Using a trigger is especially beneficial when you have an argument contained inside a single string that is not separated by a space. It is often used with a custom prop or script (as a function)

Finally, make sure you don't confuse trigger with debounce. Debounce will regenerate suggestions after a period of inactivity typing. Trigger will regenerate suggestions when the function you define returns true!

Use some logging in the function to work out when trigger is being run


You can see the trigger in action every time you use file and folder completions (e.g. with cd). When you type a /, Fig will regenerate its list of file and folder suggestions by appending the path of what you've already typed to your current working directory. e.g. If I had already typed "desktop". The current list of suggestions is from the ~ directory and getQueryTerm is "desktop". Then I type "/" so it says "desktop/", the trigger would return true, Fig will generate suggestions for the directory ~/desktop/ and the query term will become an empty string.

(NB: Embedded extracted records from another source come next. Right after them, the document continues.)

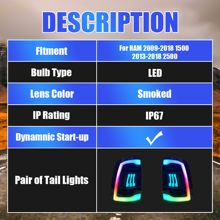 Transforma la parte trasera de tu Ram con el conjunto de luces traseras de alto rendimiento PrismBeam , diseñado para Dodge Ram 1500 (2009-2018) y Ram 2500/3500 (2013-2018). Disponible en un llamativo Rojo Ahumado o con acabados digitales RGB totalmente personalizables para realzar el estilo y la visibilidad.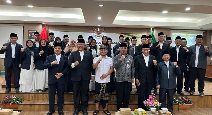 Kamis, 25 September 2025. Badan Kesatuan Bangsa dan Politik (Badan Kesbangpol) Provinsi Bali yang diwakili Kepala Bidang Politik Dalam Negeri, Made Artanegara bacakan sambutan Gubernur Bali pada Kegiatan Pelantikan Bersama Pengurus Lembaga Pengembangan Tilawatil Qur’an (LPTQ) masa bakti 2025-2029 dan Ikatan Qori-Qori’ah/Hafidz-Hafidzah (IPQAH) masa bakti 2025-2029 Provinsi Bali bertempat di Aula Kanwil Kementerian Agama Provinsi Bali.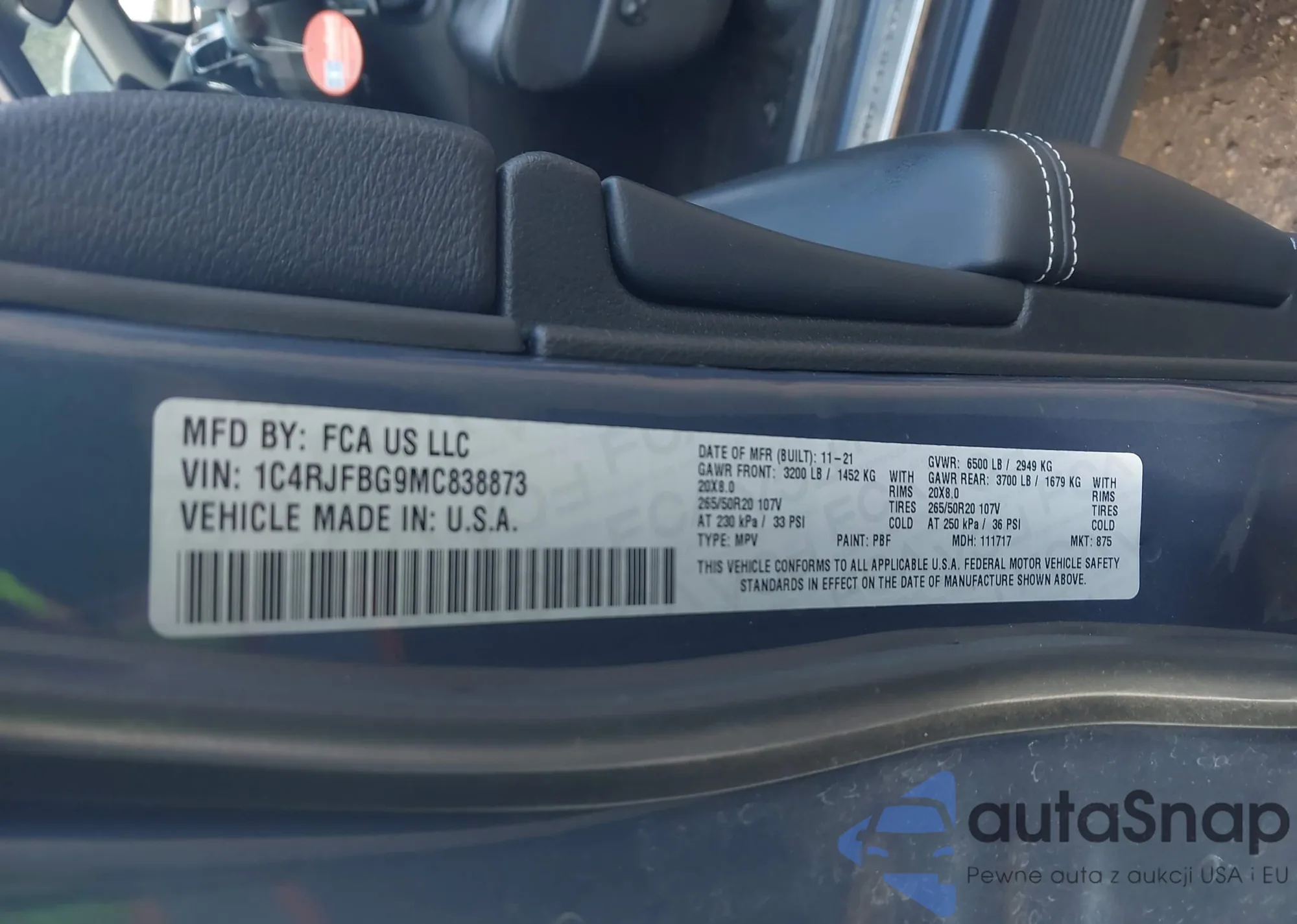 • VIN 1C4RJFBG9MC838873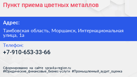 Пункт приема цветных металлов по адресу Тамбовская область, Моршанск, Интернациональная улица, 1а в дальнейшем Организация, размещена в следующих категориях:

Type: StringOrFunction\<string, string>



Read the note above on how triggers work. Triggers and query term may seem similar but are actually different. The trigger defines when to regenerate new suggestions. The query term defines what characters we should use to filter over these suggestions.

It can be a function: this takes in what the user has currently typed as a string and outputs a separate string that is used for filtering. It can also be a string: this is syntactic sugar that takes everything in the string after the character(s) you choose.

Use some logging in the function to work out what the trigger is.


cd has a filter term of "/". If an argument to cd includes a "/" Fig will filter over all of the suggestions generated using the string AFTER the last "/"


Type: ( tokens: string[], executeShellCommand: ExecuteShellCommandFunction, shellContext?: ShellContext ) => Promise\<Suggestion[]>



Custom function is a bit like script as a function, however, it gives you full control.

It is an async function.

It takes two or three arguments:

  1. Tokens: an array of tokens of what the user has typed
  2. executeShellCommand: a function that takes a string as input. It executes this string as a shell command on the user's device from the same current working directory as their terminal. It outputs a text blob. It is also async.
  3. shellContext: information about the shell session the user is currently working in

It must return an array of suggestion objects.


const generator: Fig.Generator = {
custom: async (tokens, executeShellCommand) => {
const out = await executeShellCommand("ls");
return out.split("\n").map((elm) => ({ name: elm }));


Type: Cache



For commands that take a long time to run, Fig gives you the option to cache their response. You can cache the response globally or just by the directory they were run in You just need to specify a ttl (time to live) for how long the cache will last (this is a number) You can also optionally turn on the ability to just cache by directory (cacheByDirectory: true)


The kubernetes spec makes use of this.